While the figure size controls the dimensions of your plot, there are a couple of other concepts that can affect how your plot looks: aspect ratio and dots per inch (DPI).

The aspect ratio is the relationship between the width and height of the figure. It's like the shape of your TV screen, where a widescreen TV has a different aspect ratio compared to an old square TV. In Matplotlib, you control the aspect ratio through the figsize argument by choosing different values for width and height.

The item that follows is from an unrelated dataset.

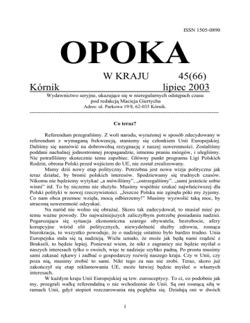 ISSN 1505-0890 OPOKA W KRAJU Kórnik 45(66) lipiec 2003 Wydawnictwo seryjne, ukazujące się w nieregularnych odstępach czasu pod redakcją Macieja Giertycha Adres: ul. Parkowa 19/8, 62-035 Kórnik. -------------------------------------------------------------------------------------------------------Co teraz? Referendum przegraliśmy. Z woli narodu, wyrażonej w sposób zdecydowany w referendum z wymaganą frekwencją, staniemy się członkiem Unii Europejskiej. Daliśmy się namówić na dobrowolną rezygnację z naszej suwerenności. Zostaliśmy poddani nachalnej jednostronnej propagandzie, istnemu praniu mózgów, i ulegliśmy. Nie potrafiliśmy skutecznie temu zapobiec. Główny punkt programu Ligi Polskich Rodzin, obrona Polski przed wejściem do UE, nie został zrealizowany. Mamy dziś nowy etap polityczny. Potrzebna jest nowa wizja polityczna jak teraz działać, by bronić polskich interesów. Spodziewamy się trudnych czasów. Nikomu nie będziemy wytykać „a mówiliśmy”, „ostrzegaliśmy”. „sami jesteście sobie winni” itd. To by niczemu nie służyło. Musimy wspólnie szukać najwłaściwszej dla Polski polityki w nowej rzeczywistości. „Jeszcze Polska nie zginęła póki my żyjemy. Co nam obca przemoc wzięła, mocą odbierzemy!” Musimy wyzwolić taką moc, by utraconą suwerenność odzyskać. Na naród nie wolno się obrażać. Skoro tak zadecydował, to musiał mieć po temu ważne powody. Do najważniejszych zaliczyłbym potrzebę posiadania nadziei. Pogarszająca się sytuacja ekonomiczna szarego obywatela, bezrobocie, afery korupcyjne wśród elit politycznych, niewydolność służby zdrowia, rosnąca biurokracja, to wszystko powoduje, że o nadzieję ostatnio było bardzo trudno. Unia Europejska stała się tą nadzieją. Wielu uznało, że może jak będą nami rządzić z Brukseli, to będzie lepiej. Ponieważ wiem, że nikt z zagranicy nie będzie myślał o naszych interesach tylko o swoich, więc te nadzieje szybko padną. Po prostu musimy sami zakasać rękawy i zadbać o gospodarczy rozwój naszego kraju. Czy w Unii, czy poza nią, musimy zrobić to sami. Nikt tego za nas nie zrobi. Teraz, skoro już zakończył się etap reklamowania UE, może łatwiej będzie myśleć o własnych interesach. W każdym kraju Unii Europejskiej są tzw. eurosceptycy. To ci, co podobnie jak my, przegrali walkę referendalną o nie wchodzenie do Unii. Są oni rosnącą siłą w ramach Unii, gdyż stopień rozczarowania nią pogłębia się. Działają oni w dwóch 1 kierunkach. Po pierwsze są antyfederalistami, czyli walczą o to, by nie powiększać kompetencji władz centralnych Unii kosztem państw narodowych. Zwalczają samą ideę wspólnej konstytucji Europy. Domagają się, by przed wejściem w życie była poddana referendom we wszystkich krajach członkowskich, w nadziei, że któryś ją odrzuci i wobec tego nie wejdzie w życie. Nie chcą wspólnego prezydenta, wspólnego ministra spraw zagranicznych, wspólnego wojska (wystarcza im NATO) itd. Ci co nie weszli do strefy euro walczą, by pozostać poza nią. Po drugie walczą o to, by redukować już istniejące uzależnienie państw narodowych od decyzji centralnych, czyli o wyzwalanie się spod kontroli brukselskiej. W szczególności chcą likwidacji wspólnej polityki rolnej. W sposób oczywisty jako polscy eurosceptycy dołączymy do tego obozu i będziemy z nim współpracować na rzecz obrony państw narodowych i ich prerogatyw. W dziedzinie wyzwalania się spod obcej kurateli mamy szczególne doświadczenie. To Polska potrafiła stawić czoło kurateli moskiewskiej i wypracować rosnący zakres swobody w ramach bloku sowieckiego. Przeciwstawiliśmy się kolektywizacji w rolnictwie, obroniliśmy godne miejsce dla Kościoła, nie daliśmy się wciągnąć w wojny kolonialne (Angola, Nikaragua), zachowaliśmy szczątkowy, ale zdolny do regeneracji zakres prywatnej inicjatywy (handel, rzemiosło) i wreszcie naszą postawą rozwaliliśmy cały system. (Dziś świat pamięta upadek muru berlińskiego, ale zapomina, że odbył on się za parawanem Polski). Dokonaliśmy tego metodą pokojową. Także i teraz będziemy musieli w sposób pokojowy szukać sposobów na przywracanie suwerenności Polsce i zapewne też innym krajom - bo zawsze postawa Polski ma wpływ sięgający daleko poza jej granice. Wreszcie jestem przekonany, że prędzej czy później (mam nadzieję, że szybko) Unia się rozleci. Dumne narody europejskie nie wytrzymają zapędów centralistycznych Brukseli. Już z okazji wojny w Iraku widać było poważne pęknięcia. W Parlamencie Europejskim działają wielonarodowe grupy polityczne (chadecy, socjaliści, zieloni itd.), a nie kluby narodowościowe, ale gdy nowy przewodniczący UE Sylvio Berlusconi obraził posła niemieckiego zaraz widzieliśmy mobilizacje po linii podziałów narodowych, a nie orientacji politycznych. W Unii Europejskiej znajdzie się teraz spora grupa państw byłego bloku sowieckiego, z jednej strony borykających się z problemami własnej transformacji, a z drugiej próbujących coś dla siebie wyszarpać z kasy brukselskiej. Nie będzie nam łatwo, ale działając wspólnie może uda się więcej załatwić dla siebie w Brukseli, niż w pojedynkę. Polska jest największym krajem w tej grupie, naszym więc zadaniem musi być zorganizowanie wspólnego nacisku na zastane w Brukseli struktury w naszym wspólnym interesie. Duże kraje już należące do Unii (Niemcy, Francja, Anglia, Włochy) będą próbowały wziąć pod swoje opiekuńcze skrzydła poszczególnych nowych członków, by przy pomocy ich głosów załatwiać swoje interesy. Możemy temu zapobiec przez trzymanie się razem i wspólne walczenie o interesy wynikające z naszej specyfiki. Nasze rolnictwo, na ogół ekstensywne, tradycyjne, w małym zakresie stosujące chemię, trzeba będzie bronić przed losem, jaki spotkało rolnictwo krajów 15 w wyniku wspólnej polityki rolnej preferującej pr

DPI stands for "dots per inch" and refers to the resolution of your plot. A higher DPI means your plot will have more pixels per inch, which can make it look sharper, especially when printed. You can set the DPI when saving your figure using the savefig() function:

import matplotlib.pyplot as plt

# Create a figure and plot some data
plt.figure(figsize=(8, 6))
plt.plot([1, 2, 3, 4], [1, 4, 9, 16])

# Save the figure with a specific DPI
plt.savefig('my_plot.png', dpi=300)

In this example, saving the figure with dpi=300 will result in a high-resolution image that will look good even when printed on paper.

Conclusion: Flexibility and Creativity with Figure Size

Learning to adjust the figure size in Matplotlib is like learning to adjust the seat and mirrors in a new car. Once you've got it set up just right, the ride is much smoother and you can focus on the road ahead—or in this case, the data you're trying to visualize.

Remember, the key to creating effective visualizations is not just about making them look good on your screen. It's about communicating information clearly and effectively. By mastering the control of figure size, aspect ratio, and resolution, you can ensure that your plots convey the right message, no matter where they're displayed.

As you continue your journey in programming and data visualization, keep experimenting with these settings. Try different sizes and aspect ratios to see what works best for your data. With practice, you'll develop an intuitive sense for how to make your visualizations not just correct, but compelling. Happy plotting!